== What is needed ==
Look below for the line with "iEGrow 110L laundry"; begin the copy there and stop after the line with "- # 108228 I", keeping the text exact and the pictures out.

Data shown section start

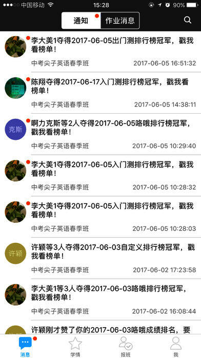 4、作业:每天都可以第一时间收到新鲜出炉的作业,还能跟同学比拼谁做的更快。
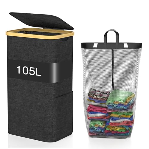 iEGrow 110L laundry Basket with Lid, Large laundry Hamper with Removable and Washable Inner Bag, Tall Washing Baskets for Laundry with Bamboo Handles (Black)
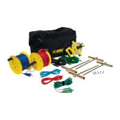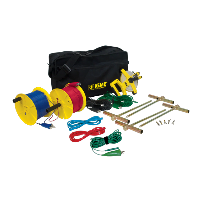 El conjunto 2135.61 incluye cables de 150 m y accesorios de conexión, lo que permite realizar ensayos de gran alcance en mallas de subestaciones, plantas fotovoltaicas e instalaciones industriales.
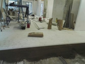 قبل البدء في العمل ، من الضروري الاستعداد بعناية لإصلاح الأرضيات. لذلك ، بالإضافة إلى المكونات الرئيسية لذراع التسوية – الحشو السائب وألواح ألياف الجبس ، ستحتاج إلى فيلم بولي إيثيلين في حالة الخرسانة أو الورق البيتوميني في حالة الخشب ، بالإضافة إلى شريط مثبط ، وشريط حافة ، بانوراما ، غراء ، مسامير ، مثقاب ، شريط قياس ، مسطرة ، مسامير ، معجون ، سكين. يمكن استخدام مكونات ومواد مالئة إضافية حسب خصائص السطح..
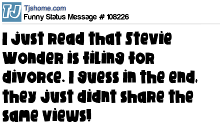 - # 108228 I just read that Stevie Wonder is filing for divorce. Talk about getting blindsided!
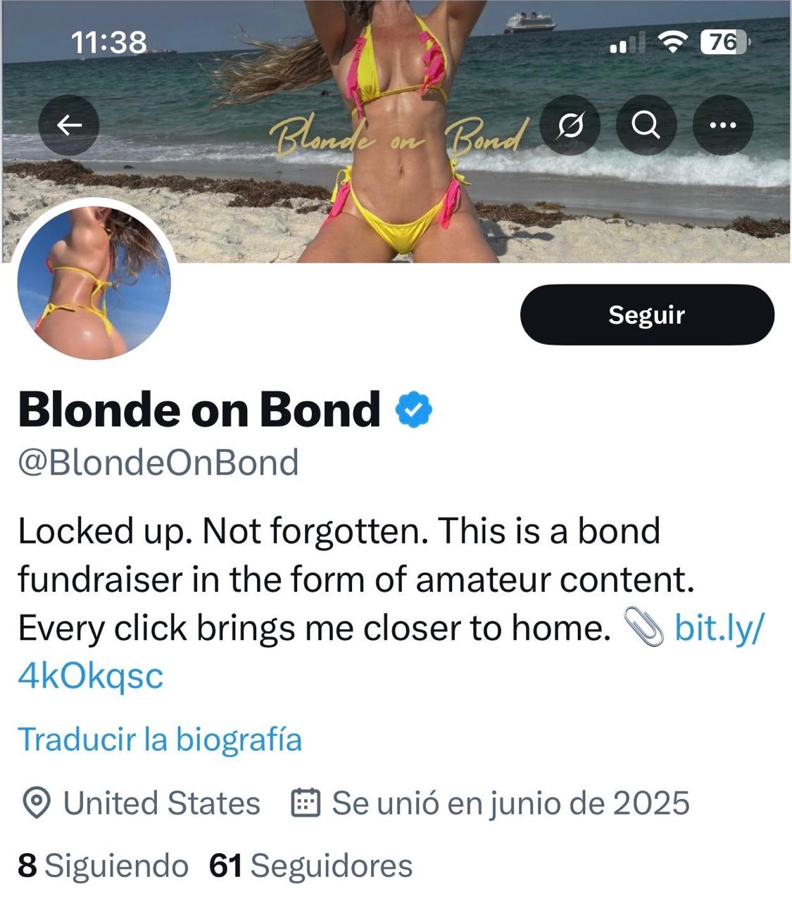 En su perfil de X, la mujer se presenta con la frase: “Locked up. Not forgotten. This is a bond fundraiser in the form of amateur content. Every click brings me closer to home” (Encerrada. Pero no olvidada. Esta es una recaudación de fondos en forma de contenido amateur. Cada clic me acerca más a casa).
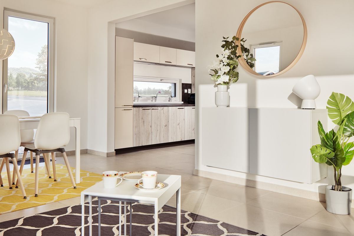Stavba inspirovaná tradičním typem domu se sedlovou střechou se bude nejlépe hodit na venkov nebo do malého města. Je určena pro čtyř až pětičlennou rodinu a vybavena odpovídajícím zázemím. Nejhezčí částí domu je atypicky členěný společný obývací prostor, v podkroví jsou nadstandardně velké dětské pokoje. Výhodou je i přistavěná garáž s využitelnou půdou.
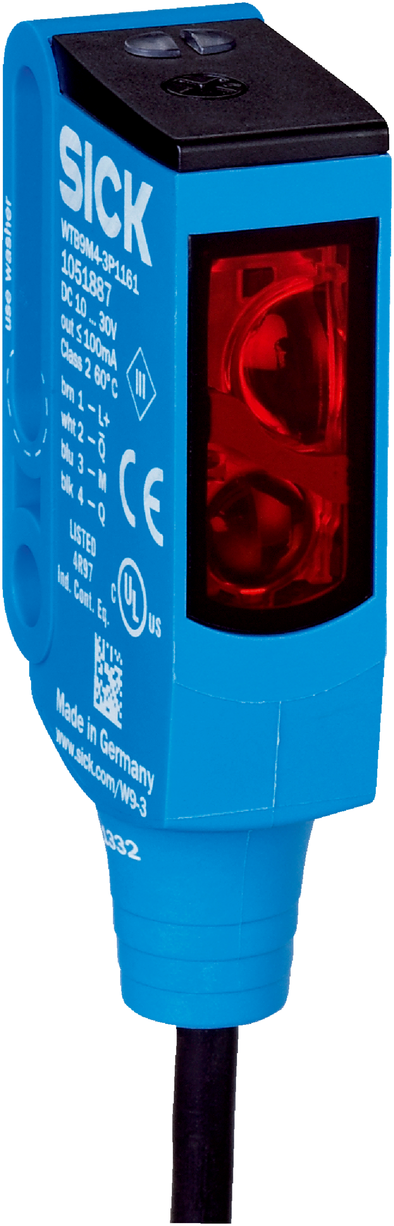 Fotoprzekaźniki, W9, WTB9M4-3P3461S19, Zasada działania: Fotoprzekaźnik odbiciowy, Szczegóły zasady działania: Tłumienie tła, Wyjście przełączające: PNP, Tryb przełączania: Załączany na jasno/ciemno, Typ przyłącza: Przewód z 4-biegunowym wtykiem M12, 120 mm, Nadajnik światła: Nadajnik PinPoint, Rodzaj ustawiania: Potencjometr, Interfejs komunikacyjny: -

Data shown section end

== Exercise answer ==
 iEGrow 110L laundry Basket with Lid, Large laundry Hamper with Removable and Washable Inner Bag, Tall Washing Baskets for Laundry with Bamboo Handles (Black)
 El conjunto 2135.61 incluye cables de 150 m y accesorios de conexión, lo que permite realizar ensayos de gran alcance en mallas de subestaciones, plantas fotovoltaicas e instalaciones industriales.
 قبل البدء في العمل ، من الضروري الاستعداد بعناية لإصلاح الأرضيات. لذلك ، بالإضافة إلى المكونات الرئيسية لذراع التسوية – الحشو السائب وألواح ألياف الجبس ، ستحتاج إلى فيلم بولي إيثيلين في حالة الخرسانة أو الورق البيتوميني في حالة الخشب ، بالإضافة إلى شريط مثبط ، وشريط حافة ، بانوراما ، غراء ، مسامير ، مثقاب ، شريط قياس ، مسطرة ، مسامير ، معجون ، سكين. يمكن استخدام مكونات ومواد مالئة إضافية حسب خصائص السطح..
 - # 108228 I just read that Stevie Wonder is filing for divorce. Talk about getting blindsided!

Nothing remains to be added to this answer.